-------- Provided data --------
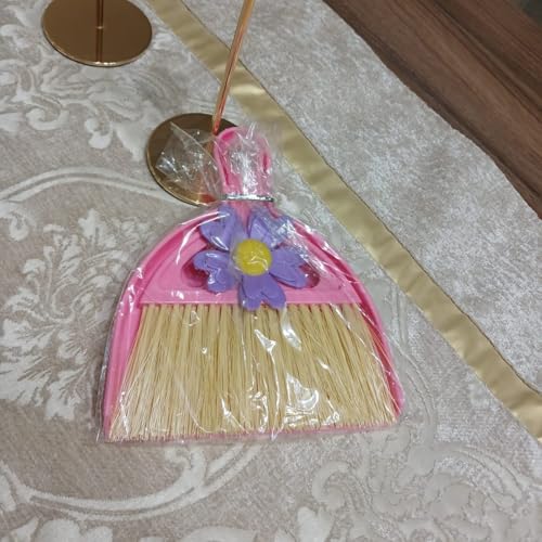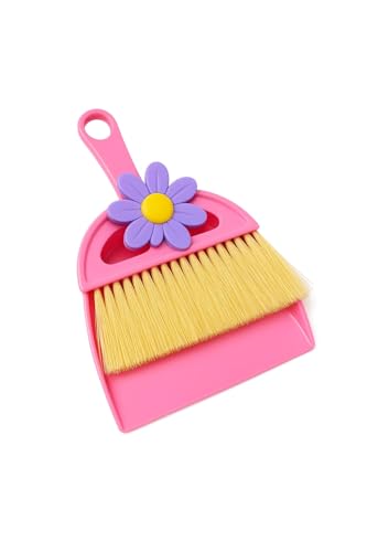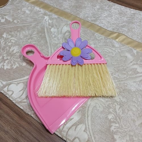 Generic - طقم جاروف ومقشة صغيرة بتصميم زهرة – لون وردي أنيق، عملي للتنظيف اليومي في المنزل والمطبخ والمكتب
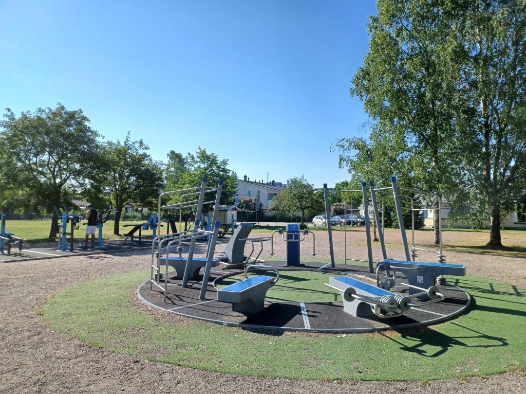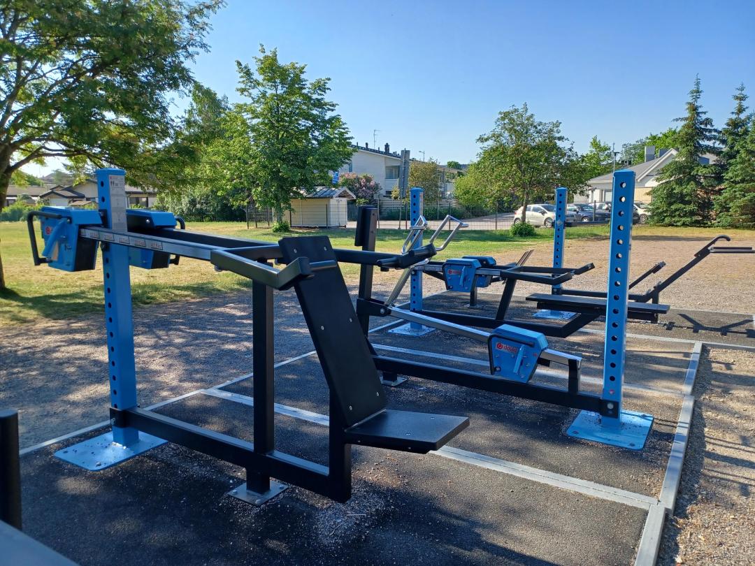 Tikkurilan urheilupuiston ulkokuntoilupaikan laitteita.
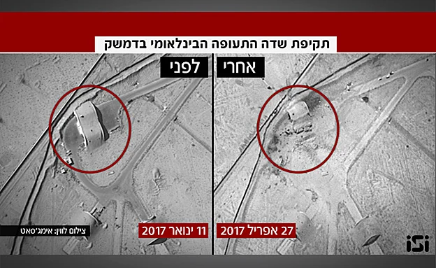 בצילומים שמגיעים מלוויין ביון ישראלי ניתן לראות את ההרס הרב שנגרם בהפצצת ההאנגר בדמשק לפני שבוע. מהתמונות אף ניתן ללמוד כי מי שביצע את התקיפה הסתמך על מידע מודיעיני מדויק
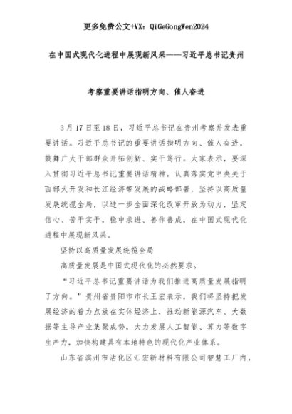 【七哥公文】2025年:在中国式现代化进程中展现新风采——习近平总书记贵州考察重要讲话指明方向、催人奋进+更多免费公文+VX:QiGeGongWen2024+更多免费公文+VX:QiGeGongWen2024
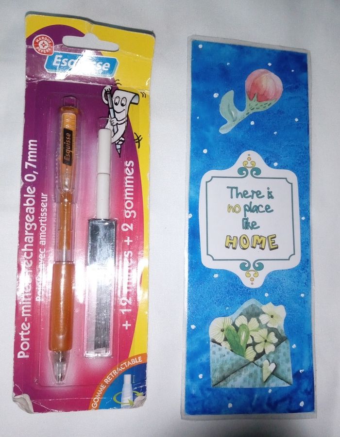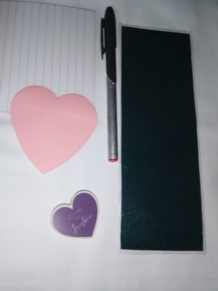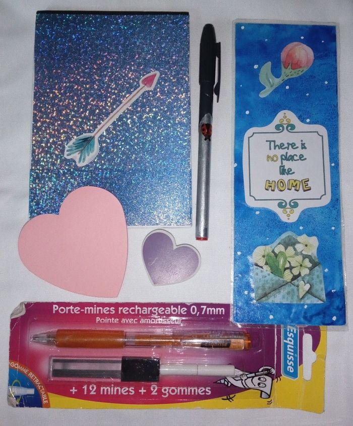 ✏️ 1 bloc ( ligne) ✏️ 1 marque page ✏️ Des post-it cœur ✏️ 1 gomme coeur ✏️ 1 porte mine rechargeable avec gomme et mines ( emballage abîmé mais article neuf) ✏️ 1 stylo bille encre rouge
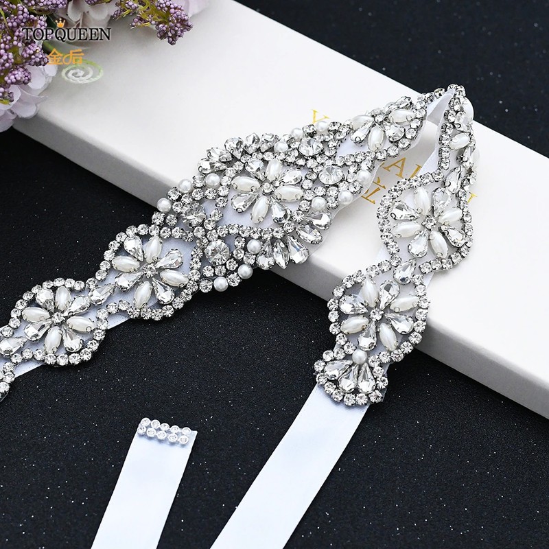TOPQUEEN S161 Свадебные ремни блестящие свадебные женские ювелирные изделия серебряные стразы жемчужные кристаллы сверкающие вечерние платья бриллиантовый пояс
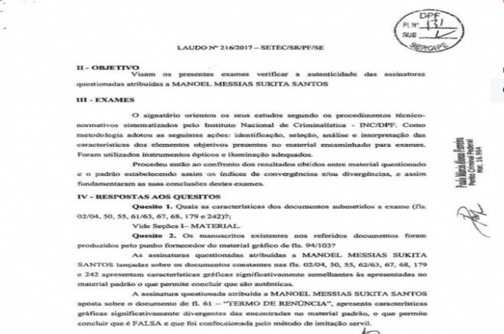 “A assinatura questionada atribuída a Manoel Messias Sukita aposta sobre o documento Termo de Renúncia apresenta características gráficas significativamente divergentes das encontradas no material padrão, o que permite concluir que é falsa e que foi confeccionada por método de imitação servil”, destaca parte do laudo divulgado pelo ex-prefeito de Capela.
--------
• Task statement
Output the material word for word, and keep the pictures out.

• Solution for this task
 Generic - طقم جاروف ومقشة صغيرة بتصميم زهرة – لون وردي أنيق، عملي للتنظيف اليومي في المنزل والمطبخ والمكتب
 Tikkurilan urheilupuiston ulkokuntoilupaikan laitteita.
 בצילומים שמגיעים מלוויין ביון ישראלי ניתן לראות את ההרס הרב שנגרם בהפצצת ההאנגר בדמשק לפני שבוע. מהתמונות אף ניתן ללמוד כי מי שביצע את התקיפה הסתמך על מידע מודיעיני מדויק
 【七哥公文】2025年:在中国式现代化进程中展现新风采——习近平总书记贵州考察重要讲话指明方向、催人奋进+更多免费公文+VX:QiGeGongWen2024+更多免费公文+VX:QiGeGongWen2024
 ✏️ 1 bloc ( ligne) ✏️ 1 marque page ✏️ Des post-it cœur ✏️ 1 gomme coeur ✏️ 1 porte mine rechargeable avec gomme et mines ( emballage abîmé mais article neuf) ✏️ 1 stylo bille encre rouge
TOPQUEEN S161 Свадебные ремни блестящие свадебные женские ювелирные изделия серебряные стразы жемчужные кристаллы сверкающие вечерние платья бриллиантовый пояс
 “A assinatura questionada atribuída a Manoel Messias Sukita aposta sobre o documento Termo de Renúncia apresenta características gráficas significativamente divergentes das encontradas no material padrão, o que permite concluir que é falsa e que foi confeccionada por método de imitação servil”, destaca parte do laudo divulgado pelo ex-prefeito de Capela.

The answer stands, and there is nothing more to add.